Up to 60 unemployed older workers will receive help to improve their skills and re-enter the workforce through the Targeted Initiative for Older Workers (TIOW).

Together, the governments of Canada and B.C. are investing over $515,000 in the Creative Employment Access Society’s Vintage Advantage project to improve participants’ employability and get them back to work.

Participants will be able to tailor the training to their needs, opting for work experience with a local employer, individualized skills development and job search assistance, or self-employment.

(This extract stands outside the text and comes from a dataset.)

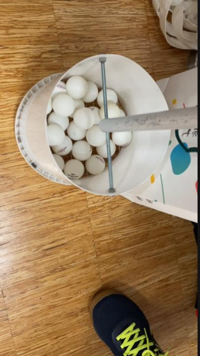 我瞪大眼睛:“这是什么高科技?!” 梁先生笑着说:“这是巴黎爱打乒乓球的温州人自己的小发明!” 这是什么样的“捡球神器”?仔细一看,原理其实并不复杂:一个塑料筐,底部戳上几个小洞,用几根有弹性的绳子交叉扎起来。当筐口压在地上的乒乓球上时,绳子一松一合,球就被“吞”进了筐里。

After graduating from the program, participating older workers will continue to have access to job coaching and ongoing support.

The announcement was made by John Duncan, Minister of Aboriginal Affairs and Northern Development and Vancouver Island North MP and Pat Bell, Minister of Jobs, Tourism and Skills Training and Minister Responsible for Labour for British Columbia.

“Our government’s top priorities are creating jobs, economic growth and long-term prosperity,” said Duncan. “Through the Targeted Initiative for Older Workers, we are helping unemployed older workers in British Columbia develop new skills so they can make the transition to new jobs.”

“By working with the federal government on programs like the Targeted Initiative for Older Workers, we are leveraging an important resource in our economy: older workers,” said Bell. “Using labour market programs like the TIOW and those provided under the Canada–B.C. Labour Market Agreement helps British Columbia capitalize on the human resources we already have in this province so we get the right people the right skills to fill the over one million jobs we expect in B.C. by 2020.”

“This TIOW funding will enable us to resume offering employment services tailored to the needs of older workers in the Comox Valley,” said Bruce Brautigan, executive director of the Creative Employment Access Society in the Comox Valley. “Our Vintage Advantage project has been highly successful in helping older workers find suitable jobs or launch their own business and we are very pleased that it will be continuing.”

To date, the TIOW has targeted more than 25 000 unemployed older workers across Canada, including more than 4,000 in B.C. The initiative provides retraining for new careers and supports the Government of Canada’s broader strategy to create an educated, skilled and flexible workforce.

The federal-provincial/territorial cost-shared initiative provides people with employment assistance services, such as resumé writing and counseling, and employability improvement activities, such as skills upgrading and work experience.

The TIOW assists unemployed older workers, aged 55 to 64 years, who live in a city or town with a population of 250,000 or fewer that is experiencing high unemployment, significant downsizing or closures.

The Government of Canada launched the TIOW in fall 2006 and has since contributed $270 million in funding and extended the initiative until March 31, 2014.

The TIOW launched with a commitment of $70 million for programming to March 31, 2009. Budget 2008 invested another $90 million to extend the initiative for three years, to March 2012.

Canada’s Economic Action Plan (EAP) 2009 provided an additional $60 million over that same period. In 2011, the TIOW was extended to March 31, 2014 with a further $50 million, and EAP 2012 reiterated this commitment.